_Task prompt_: Restate word for word the lines in the listing below, starting at the line containing "3 Jule Torhorst, Matthias" and ending at the line containing "I realized after", both included; leave out the rest.

_Source data_:

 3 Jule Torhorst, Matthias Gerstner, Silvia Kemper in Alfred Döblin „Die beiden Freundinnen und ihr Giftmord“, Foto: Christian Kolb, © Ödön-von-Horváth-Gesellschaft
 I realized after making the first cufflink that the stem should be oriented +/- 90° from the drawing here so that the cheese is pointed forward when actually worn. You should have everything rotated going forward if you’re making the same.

---

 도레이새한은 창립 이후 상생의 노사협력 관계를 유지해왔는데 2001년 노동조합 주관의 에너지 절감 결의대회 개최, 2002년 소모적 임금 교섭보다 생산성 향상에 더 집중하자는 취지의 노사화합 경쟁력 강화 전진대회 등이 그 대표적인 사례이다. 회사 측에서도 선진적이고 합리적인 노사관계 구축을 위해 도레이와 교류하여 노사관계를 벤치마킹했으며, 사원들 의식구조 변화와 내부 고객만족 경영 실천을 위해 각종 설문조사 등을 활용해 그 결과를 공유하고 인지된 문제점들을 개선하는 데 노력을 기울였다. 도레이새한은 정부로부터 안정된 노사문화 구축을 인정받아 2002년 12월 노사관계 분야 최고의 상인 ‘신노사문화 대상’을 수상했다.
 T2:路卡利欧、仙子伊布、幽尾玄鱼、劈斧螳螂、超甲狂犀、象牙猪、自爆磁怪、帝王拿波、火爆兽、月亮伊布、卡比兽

---

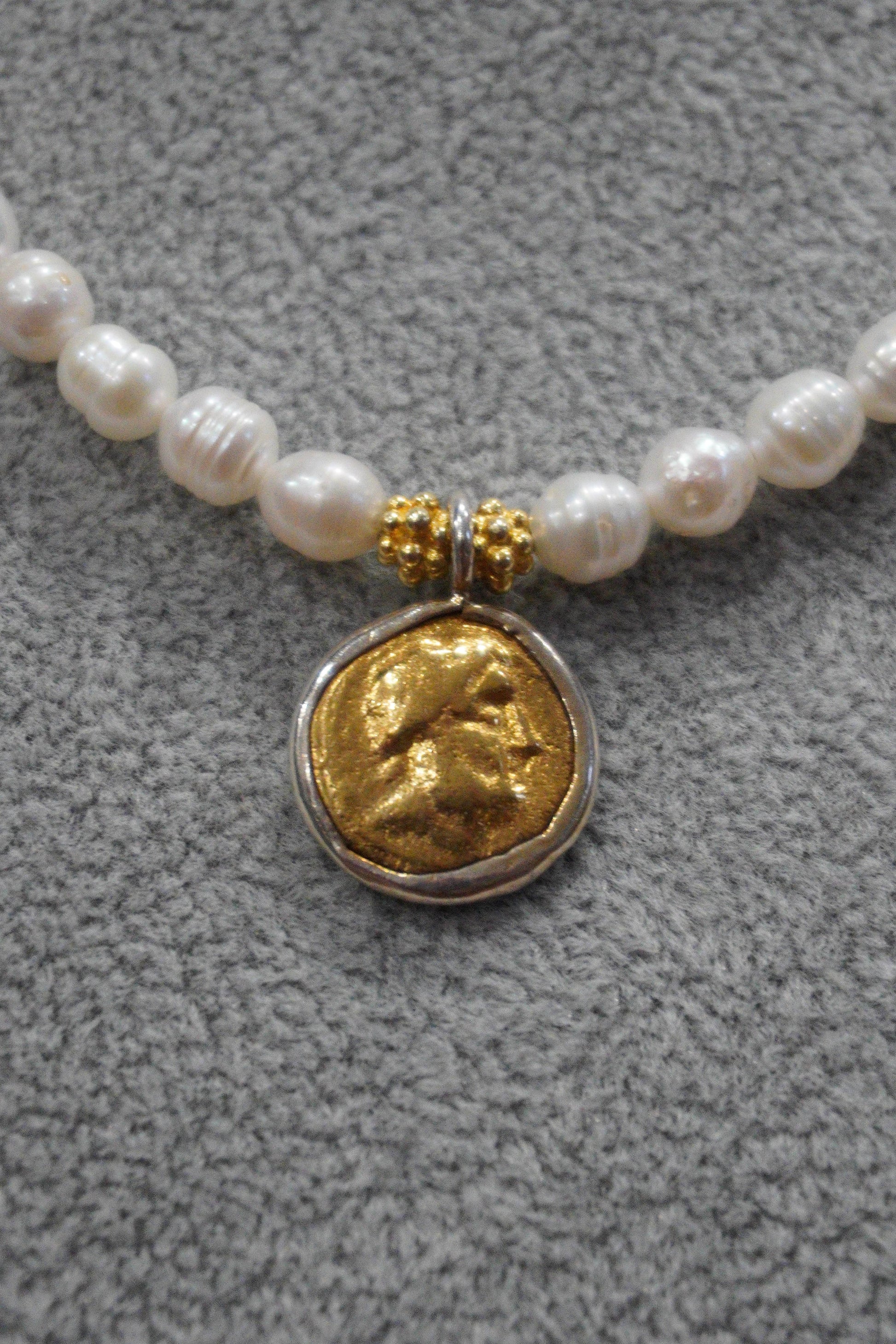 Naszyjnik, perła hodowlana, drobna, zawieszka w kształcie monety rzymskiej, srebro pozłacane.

_Reply_:
 3 Jule Torhorst, Matthias Gerstner, Silvia Kemper in Alfred Döblin „Die beiden Freundinnen und ihr Giftmord“, Foto: Christian Kolb, © Ödön-von-Horváth-Gesellschaft
 I realized after making the first cufflink that the stem should be oriented +/- 90° from the drawing here so that the cheese is pointed forward when actually worn. You should have everything rotated going forward if you’re making the same.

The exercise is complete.